Records from a collection:
....................

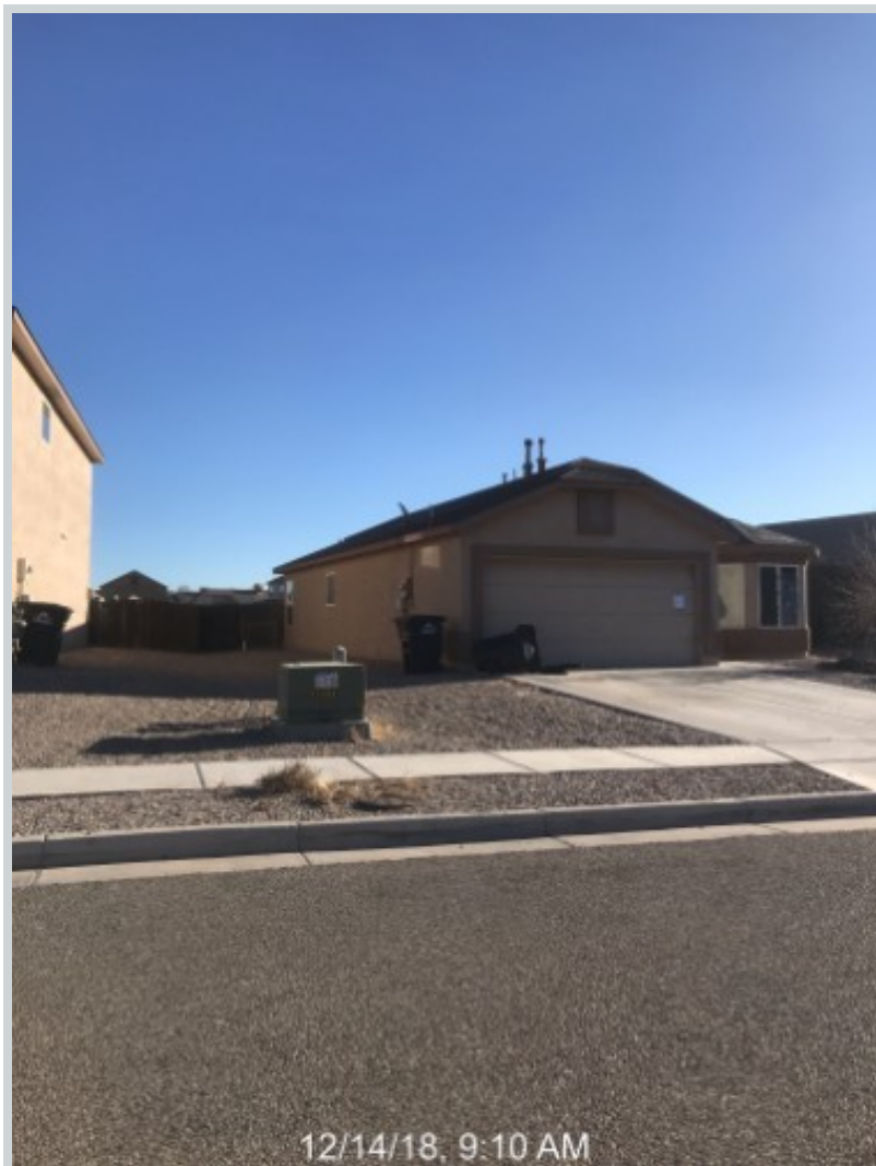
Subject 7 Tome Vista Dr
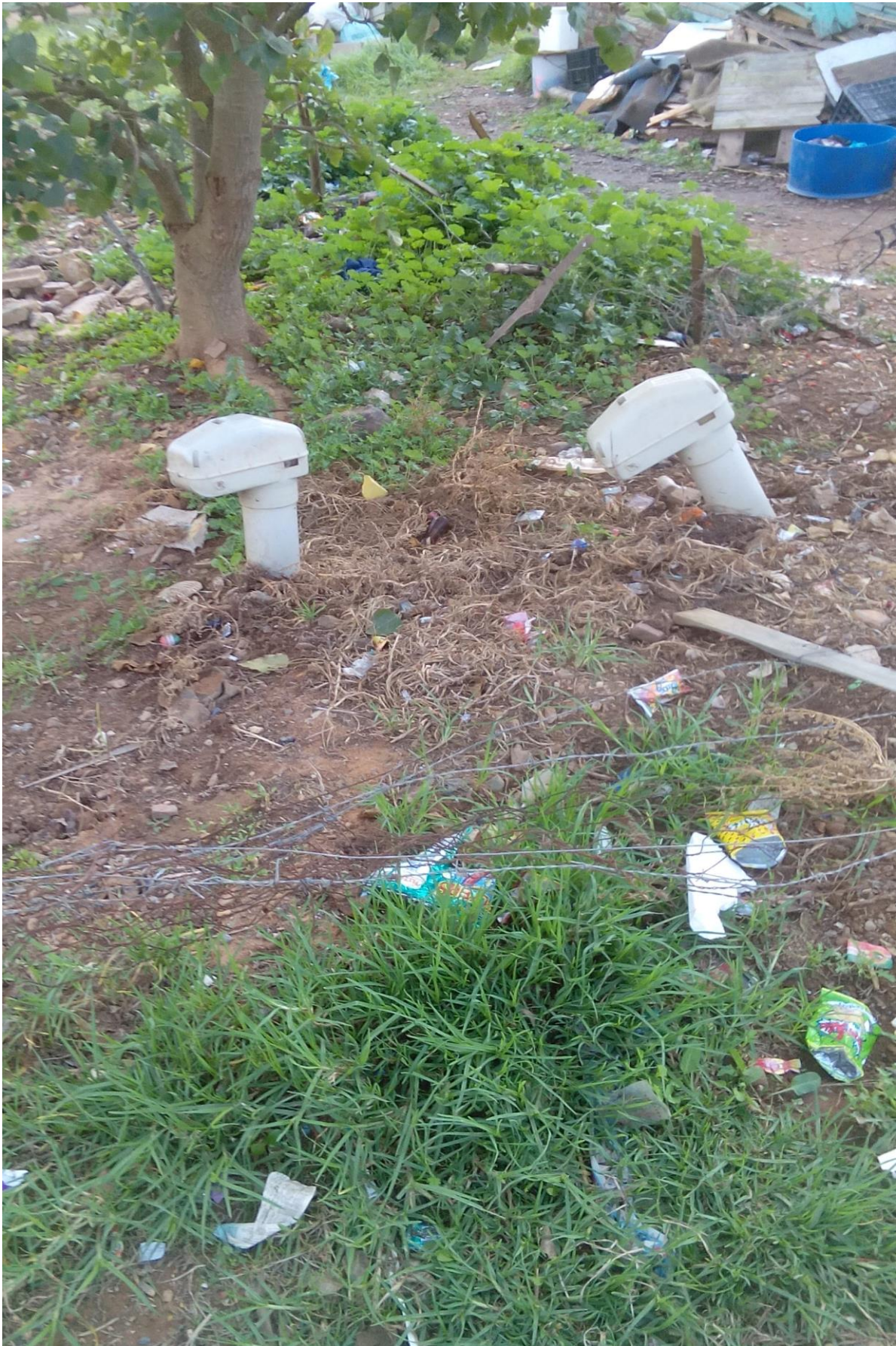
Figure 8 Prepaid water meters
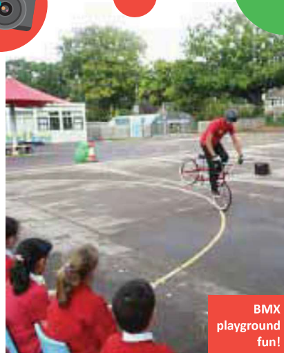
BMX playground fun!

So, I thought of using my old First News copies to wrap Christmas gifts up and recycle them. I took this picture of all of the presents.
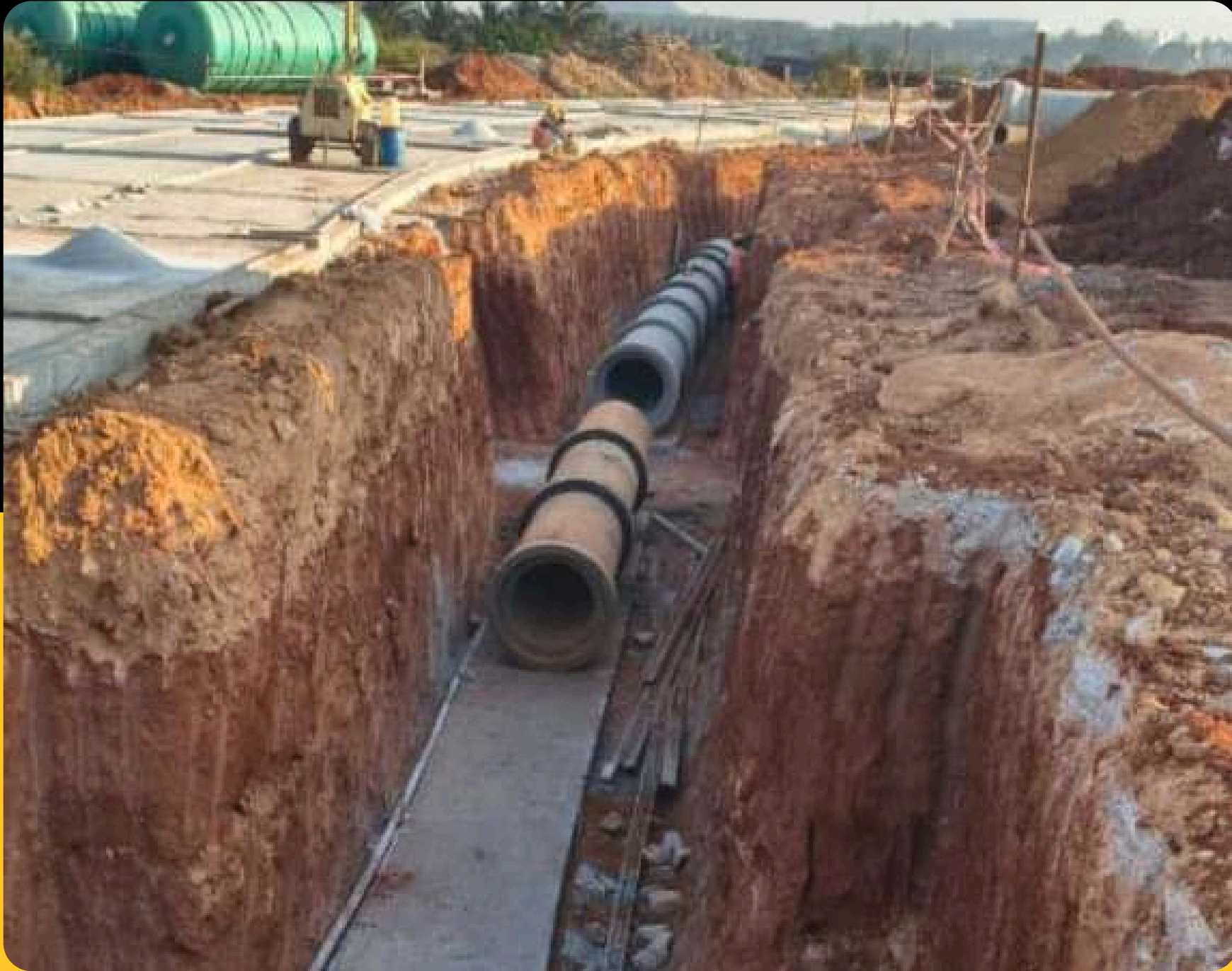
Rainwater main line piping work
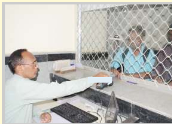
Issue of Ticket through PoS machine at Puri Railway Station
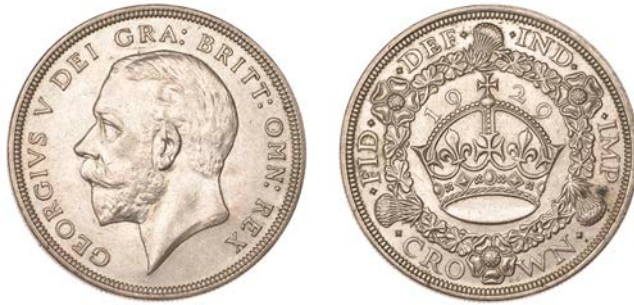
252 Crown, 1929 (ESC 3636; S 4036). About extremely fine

....................

From the line containing "Rainwater main line piping work" to the end of the data above, give those lines again verbatim, with both endpoints included and no images.

[Output for this exercise]
Rainwater main line piping work
Issue of Ticket through PoS machine at Puri Railway Station
252 Crown, 1929 (ESC 3636; S 4036). About extremely fine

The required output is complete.